Task prompt: Under this line are the records; repeat exactly the lines starting at the one containing "Antica Bilancia Monetaria" and ending at the one containing "Durante la visita", omitting pictures.

+++ Entries provided +++

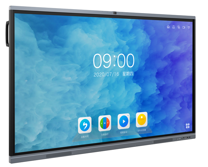 4.整機支持超級任務欄,功能包括:結束會議,打開應用,任務視圖,主頁,設置,網絡狀態,時間/日歷,觸控精靈菜單入口。通過底部觸控上劃調出超級任務欄,并且在未操作時可自動隱藏;前臺應用全屏運行,支持通過超級任務欄打開另一應用進行分屏展示。
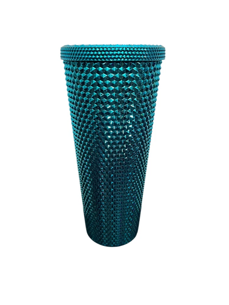Starbucks Summer 2023 Metallic Chrome Teal Blue Bling Studded 24 oz. Tumbler NEW
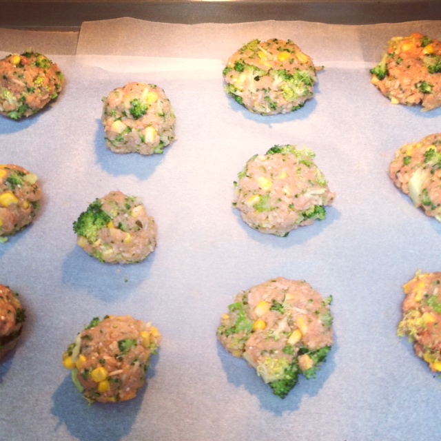 Scoop a dessert spoon of the mixture and roll it in your hand to make a ball and lay it on baking paper on an oven tray for bite sizes. Increase by half for snack size, and if you are making patties, about two spoons full rolled then flattened slightly when you put them on the tray.
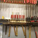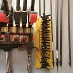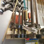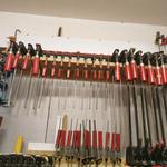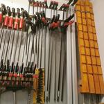 Vannak különböző méretű csipeszek, rövidebb, hosszabb egykezes szorítók, régi vasöntvényes szorítók, sarokszorítók és van pár darab nagy méretű saját készítésű táblásító szorítom. A műhely egyik 3 méteres falát beborítja az asztal tetejétől a mennyezetig a fal ahol tárolom őket. Pontos darabszámot nem tudok, de úgy saccra 110 darab körül lehet. Ennyi azért egy egyszemélyes műhelyben már elég szokott lenni. Mondjuk amikor a konyhabútort készítettem akkor kevés volt a nagy szorítókból :) Persze nagyrészt olcsó szorítók amik a kisebb munkákhoz elég, és van pár darab erős berger szorító is.
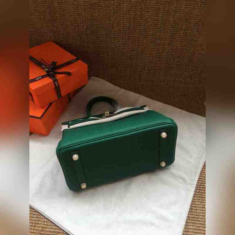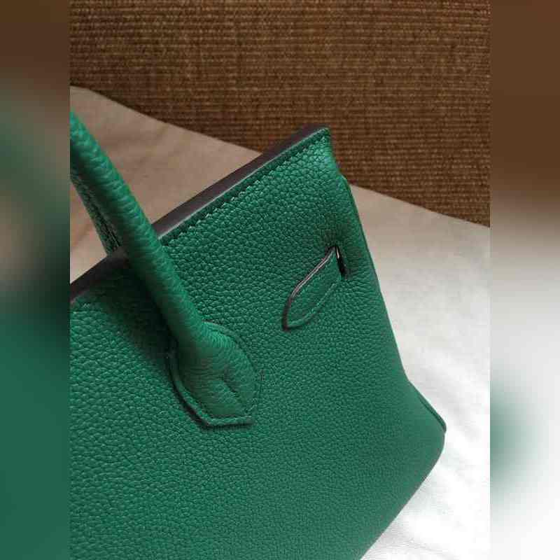 Hermes Platinum 25, 30 käsilaukku riikinkukonvihreä kulta- ja hopeasolki
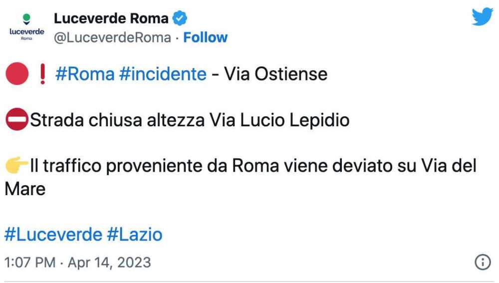 Per gli accertamenti del caso, svolti dalla Polizia del Gruppo X Mare, è stata chiusa via Ostiense all’altezza di via Lucio Lepidio e il traffico proveniente da Roma è stato deviato sulla via del Mare, all’altezza di via delle Canarie.
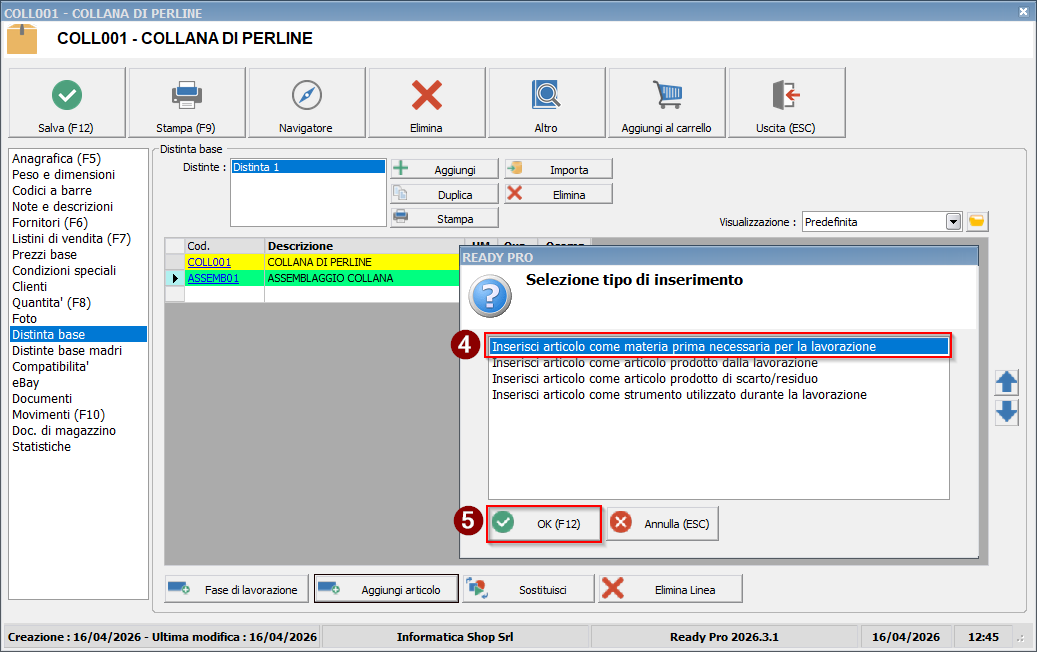 Si aprira' un nuovo requester da qui selezioniamo la prima opzione Inserisci articolo come materia prima... e confermiamo.
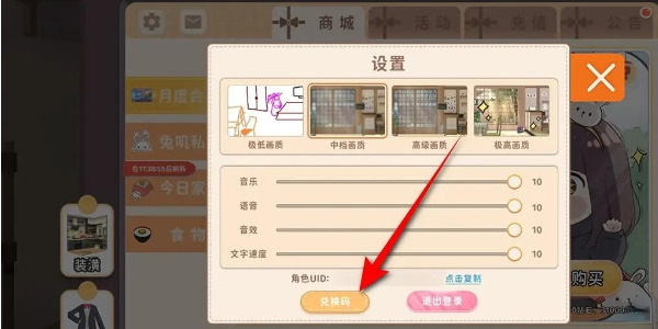 3.点击下方的兑换码选项进入。
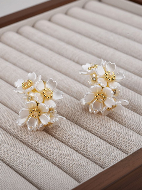 Wipe your jewellery with a soft cloth after every use and always store it in a flat box to prevent scratches. Keep sprays, perfumes, and water away from your earrings. Do not soak them in water. Clean gently with a soft brush dipped in mild jewellery cleaning solution. Made from anti-tarnish Alloy Steel with moti gold plating and Korean pearl finish
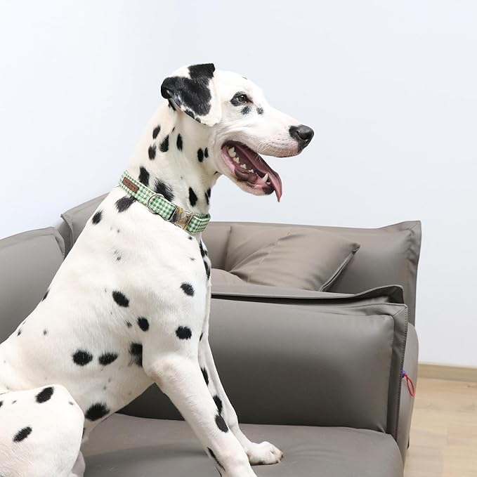 Lionet Paws Dog Collar, Comfortable Adjustable Cute Collar with Metal Buckle for Male Female Dogs, Green&White Grid Pattern, Small, Neck 10-16 inches
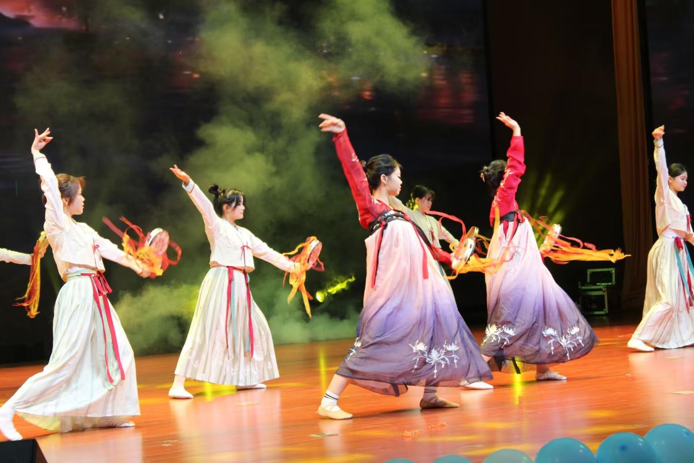 舞蹈《千年》:校舞蹈队9位同学水袖流转间以舒展韵律诠释中医药文化的悠长,将观众拉近对仁心精神的跨时空传承
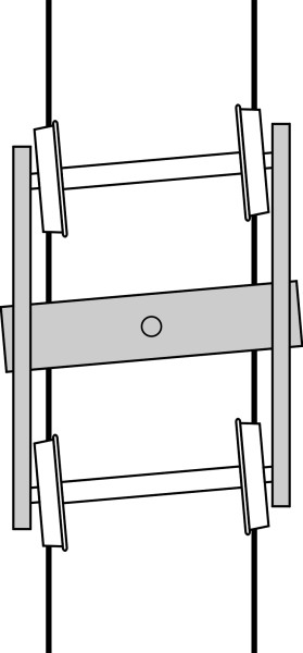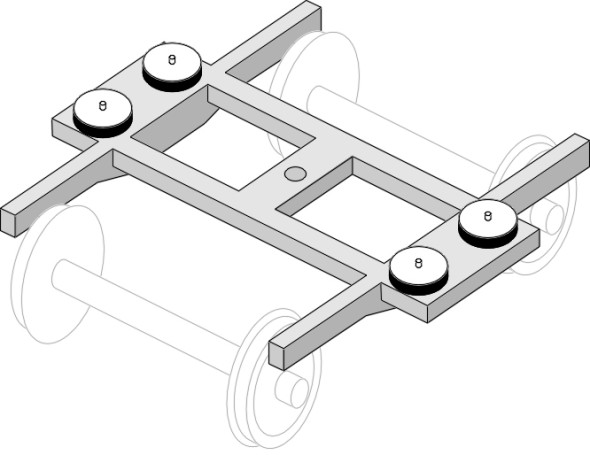 On railway vehicles everywhere, you will see variations on the basic H-structure together with springs and dampers arranged in a variety of ways. There is no ‘standard’ arrangement. Some designs reflect national traditions while others reflect varying needs; for example, the size of the load carried and the operating regime of a freight wagon are very different from those of a high-speed passenger coach. You can find more information on different types of bogie including drawings and diagrams in [18] and [33]. Here we shall choose a few of the most widely used configurations and try to explain how they work.
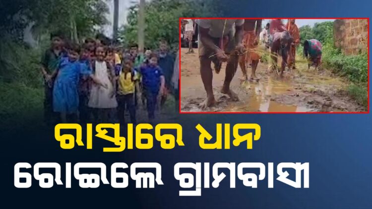 ରାସ୍ତାରେ ଧାନ ରୋଇଲେ ଗ୍ରାମବାସୀ
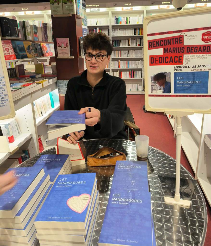 Coucou la Book Team, mercredi, je suis allée à la librairie Forum de Saint-Étienne pour la dédicace de Marius Degardin, l’auteur de « Les Mandragores ». Je vous raconte ?
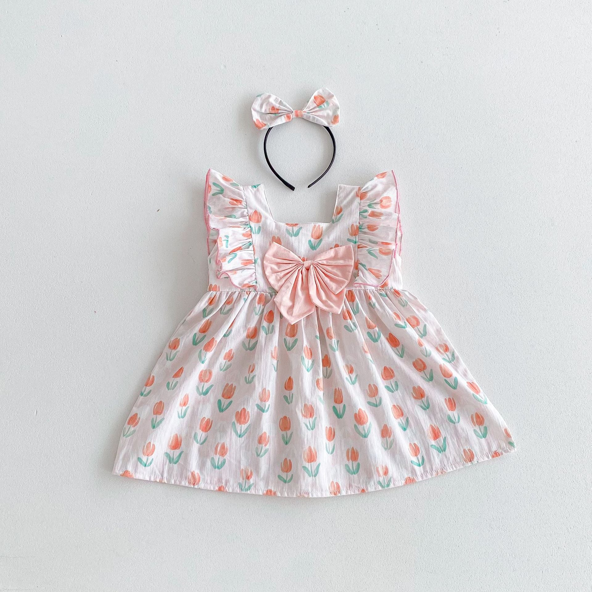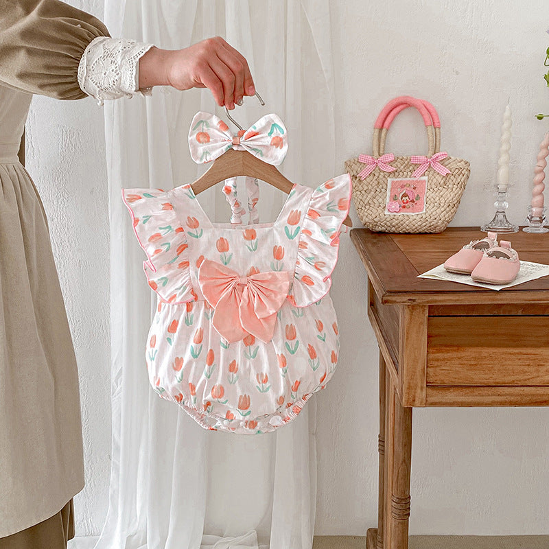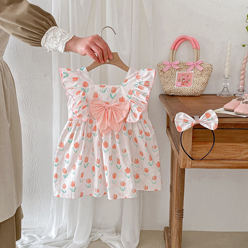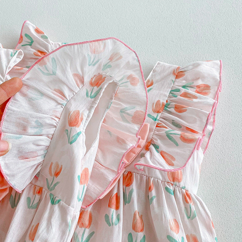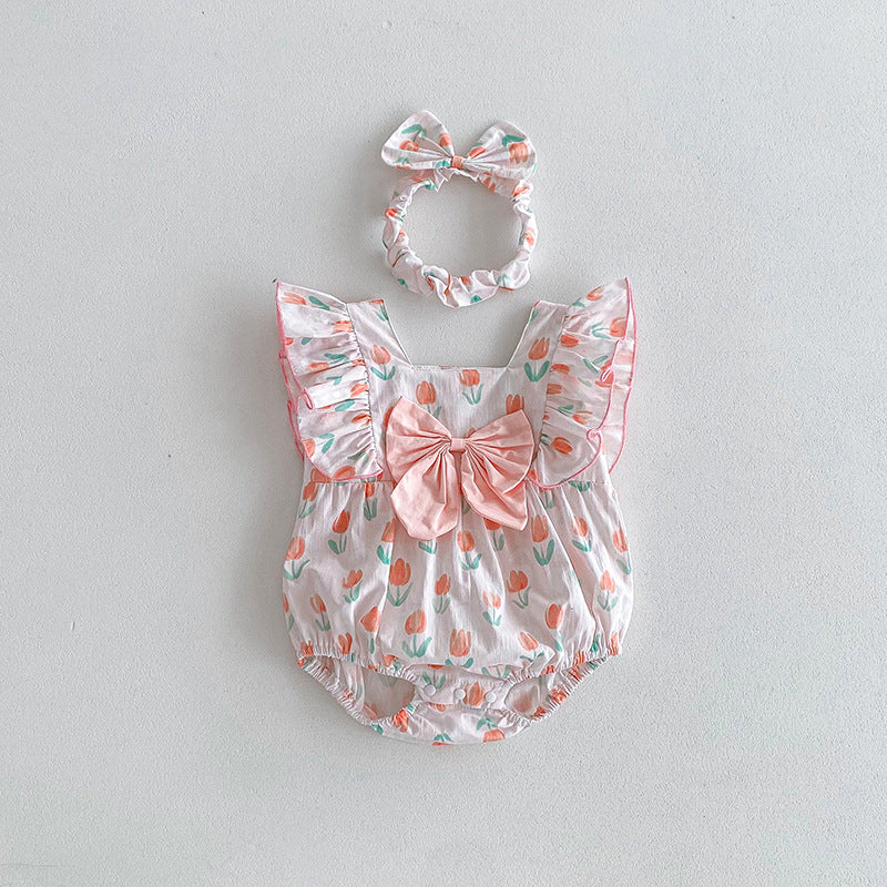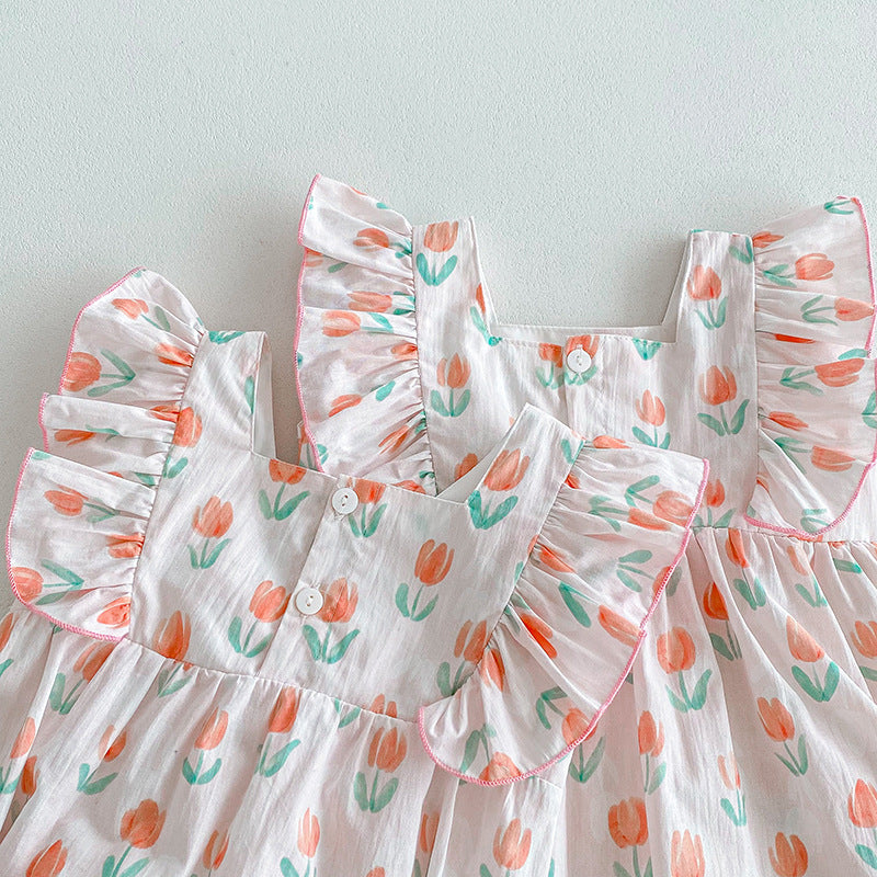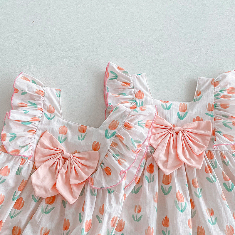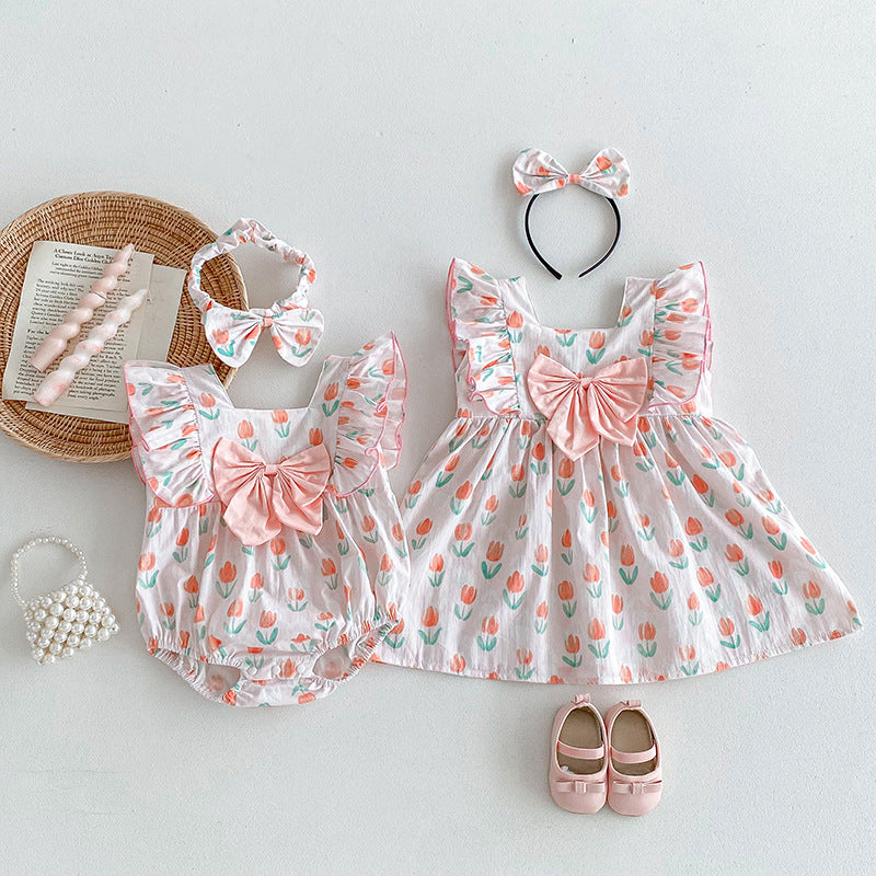 【姉妹服】夏新作 チューリップ×リボンロンパース、ワンピースSK081634
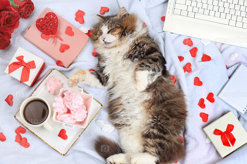 Концепция ко Дню святого Валентина или Женскому дню, Дню матери, баннеру. Забавный спящий кот, букет роз, чай, сердечки и зефир на светлом фоне, поздравления любимой с праздником, днем рождения, выборочный фокус
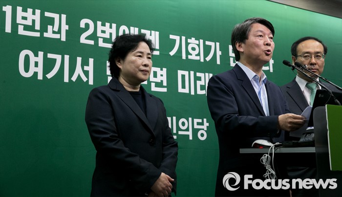 (서울=포커스뉴스) 안철수 국민의당 상임공동대표가 21일 오전 서울 마포구 당사에서 과학의 날 특별 브리핑을 하고 있다. 왼쪽부터 신용현 비례대표 당선인, 안 대표, 오세정 비례대표 당선인.
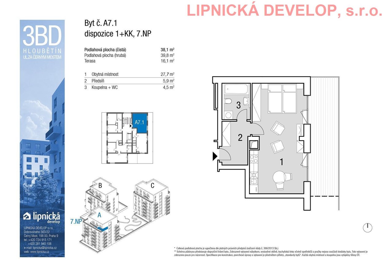 Prodej nového bytu s označením A7.1 o dispozici 1+kk v developerském projektu "NOVOSTAVBA 3 BYTOVÝCH DOMŮ", Hloubětín. Podlahová plocha bytu je 39,8 m2 (užitná plocha bytu je 38,1 m2) + sklepní kóje o výměře 2,2 m2 + terasa o výměře 16,1 m2. Byt se nachází v 7. nadzemním podlaží domu. Byt se skládá z obývacího pokoje s kuchyňským koutem, koupelny + WC a předsíně. Z obývacího pokoje a kuch. koutu je vstup na terasu. K bytu je možné dokoupit parkovací stání, které není v ceně bytu. Parkovací stání je umístěné v 1. podzemním podlaží domu.
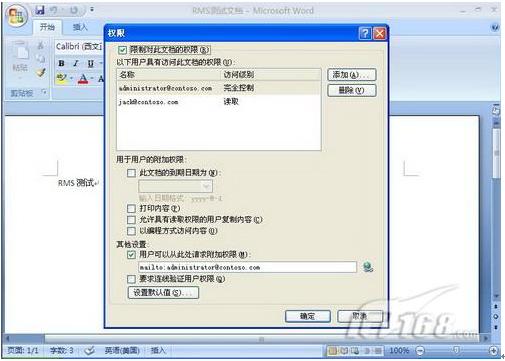 Administrator通过身份验证后,看到了如图8所示的RMS权限设置界面,我们为Jack设置了读取权限。注意,描述Jack时需要使用电子邮件地址Jack@contoso.com。如果我们希望对Jack进行更详细的权限设置,我们可以点击左下角的“其他选项”。
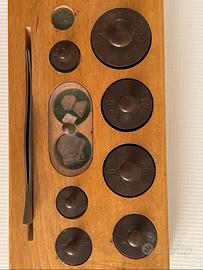 Antica Bilancia Monetaria di precisione usata dagli orafi con sette pesi in ottone e sei in alluminio nel loro contenitore dotato di pinzetta. La bilancia oltre all'anello per l'utilizzo è dotata di un supporto coevo in ottone finemente lavorato per un uso da banco. Misure cm larghezza 24 profondità 9 e altezza 33
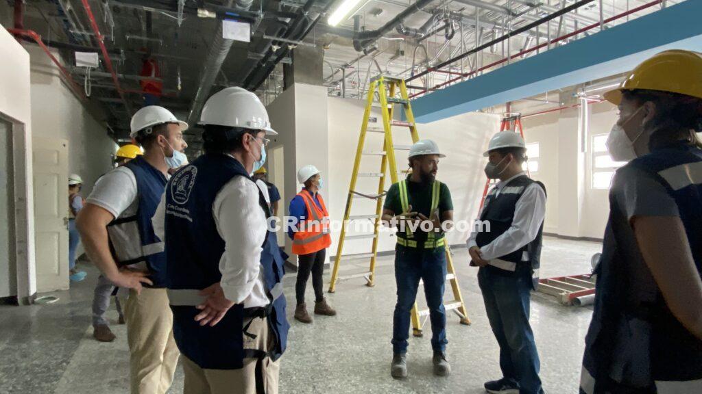 Durante la visita se recorrió el edificio principal que tiene forma de “T” y consta de cinco niveles donde se concentrará  la atención hospitalaria y donde se apreciaron los trabajos que se están desarrollando en este momento, los cuales consisten en detallas los acabados arquitectónicos en paredes, pisos y las instalaciones de los distintos sistemas electromecánicos que componen la estructura.
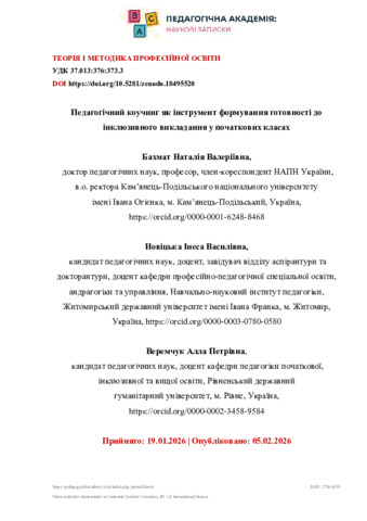 Бахмат Н. В.ORCID: https://orcid.org/0000-0001-6248-8468, Новіцька І. В.ORCID: https://orcid.org/0000-0003-0780-0580, Веремчук А. П.ORCID: https://orcid.org/0000-0002-3458-9584 (2026) Педагогічний коучинг як інструмент формування готовності до інклюзивного викладання у початкових класах. Педагогічна Академія: наукові записки. № 27. С. 1–21. ISSN 2786-9458. DOI: 10.5281/zenodo.18495520.

+++

Reply to the task:
 Antica Bilancia Monetaria di precisione usata dagli orafi con sette pesi in ottone e sei in alluminio nel loro contenitore dotato di pinzetta. La bilancia oltre all'anello per l'utilizzo è dotata di un supporto coevo in ottone finemente lavorato per un uso da banco. Misure cm larghezza 24 profondità 9 e altezza 33
 Durante la visita se recorrió el edificio principal que tiene forma de “T” y consta de cinco niveles donde se concentrará  la atención hospitalaria y donde se apreciaron los trabajos que se están desarrollando en este momento, los cuales consisten en detallas los acabados arquitectónicos en paredes, pisos y las instalaciones de los distintos sistemas electromecánicos que componen la estructura.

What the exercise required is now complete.